→ Activity
Although the records contain pictures, none belong in the copy: restate word for word only the lines from the one with "1,5 Kilogramm Gold, drei" through the one with "건설업 침체가 개선되지", both included.

→ Entries shown
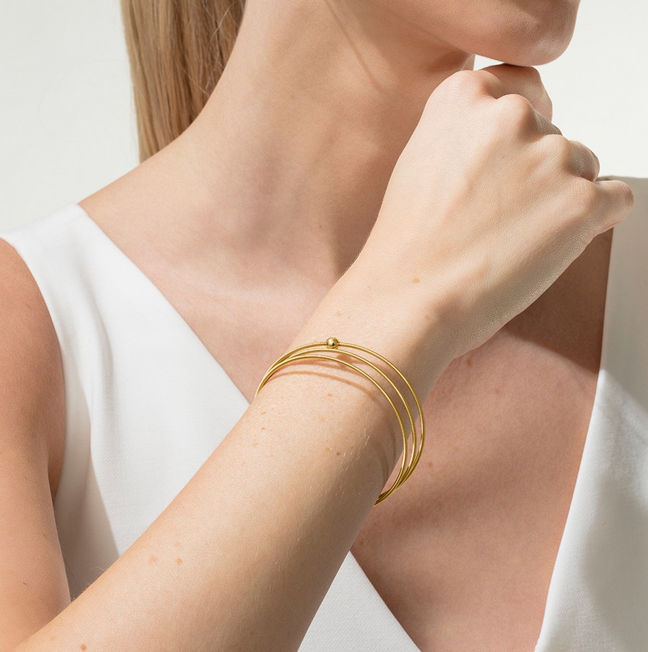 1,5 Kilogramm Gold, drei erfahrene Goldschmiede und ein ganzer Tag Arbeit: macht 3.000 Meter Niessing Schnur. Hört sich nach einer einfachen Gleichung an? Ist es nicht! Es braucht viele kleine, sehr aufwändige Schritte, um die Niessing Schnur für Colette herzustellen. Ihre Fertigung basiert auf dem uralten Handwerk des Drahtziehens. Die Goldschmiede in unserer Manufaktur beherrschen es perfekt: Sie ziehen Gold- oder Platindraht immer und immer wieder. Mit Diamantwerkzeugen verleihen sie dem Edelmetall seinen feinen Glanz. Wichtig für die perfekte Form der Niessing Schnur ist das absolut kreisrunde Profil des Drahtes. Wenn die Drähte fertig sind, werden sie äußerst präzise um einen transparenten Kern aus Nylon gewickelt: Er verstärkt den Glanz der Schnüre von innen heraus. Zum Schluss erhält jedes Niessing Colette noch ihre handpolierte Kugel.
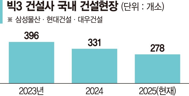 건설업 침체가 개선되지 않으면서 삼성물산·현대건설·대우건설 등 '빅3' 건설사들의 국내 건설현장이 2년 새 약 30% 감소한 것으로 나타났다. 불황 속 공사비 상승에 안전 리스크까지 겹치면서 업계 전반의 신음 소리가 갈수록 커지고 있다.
--
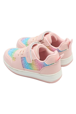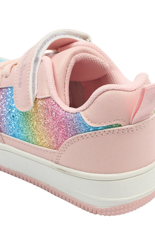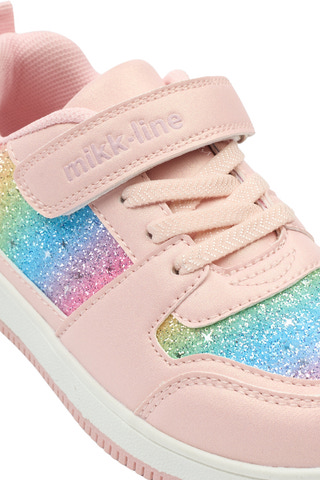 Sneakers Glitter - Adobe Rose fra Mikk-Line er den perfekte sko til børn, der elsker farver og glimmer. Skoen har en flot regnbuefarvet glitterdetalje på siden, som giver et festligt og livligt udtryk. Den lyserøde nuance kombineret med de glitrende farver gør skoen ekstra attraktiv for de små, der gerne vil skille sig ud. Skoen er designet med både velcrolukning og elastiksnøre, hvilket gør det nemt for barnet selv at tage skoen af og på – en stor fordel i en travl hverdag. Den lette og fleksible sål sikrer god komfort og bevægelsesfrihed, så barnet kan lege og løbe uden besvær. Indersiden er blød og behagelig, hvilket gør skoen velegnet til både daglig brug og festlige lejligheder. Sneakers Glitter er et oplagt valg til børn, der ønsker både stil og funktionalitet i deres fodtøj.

→ Your solution
 1,5 Kilogramm Gold, drei erfahrene Goldschmiede und ein ganzer Tag Arbeit: macht 3.000 Meter Niessing Schnur. Hört sich nach einer einfachen Gleichung an? Ist es nicht! Es braucht viele kleine, sehr aufwändige Schritte, um die Niessing Schnur für Colette herzustellen. Ihre Fertigung basiert auf dem uralten Handwerk des Drahtziehens. Die Goldschmiede in unserer Manufaktur beherrschen es perfekt: Sie ziehen Gold- oder Platindraht immer und immer wieder. Mit Diamantwerkzeugen verleihen sie dem Edelmetall seinen feinen Glanz. Wichtig für die perfekte Form der Niessing Schnur ist das absolut kreisrunde Profil des Drahtes. Wenn die Drähte fertig sind, werden sie äußerst präzise um einen transparenten Kern aus Nylon gewickelt: Er verstärkt den Glanz der Schnüre von innen heraus. Zum Schluss erhält jedes Niessing Colette noch ihre handpolierte Kugel.
 건설업 침체가 개선되지 않으면서 삼성물산·현대건설·대우건설 등 '빅3' 건설사들의 국내 건설현장이 2년 새 약 30% 감소한 것으로 나타났다. 불황 속 공사비 상승에 안전 리스크까지 겹치면서 업계 전반의 신음 소리가 갈수록 커지고 있다.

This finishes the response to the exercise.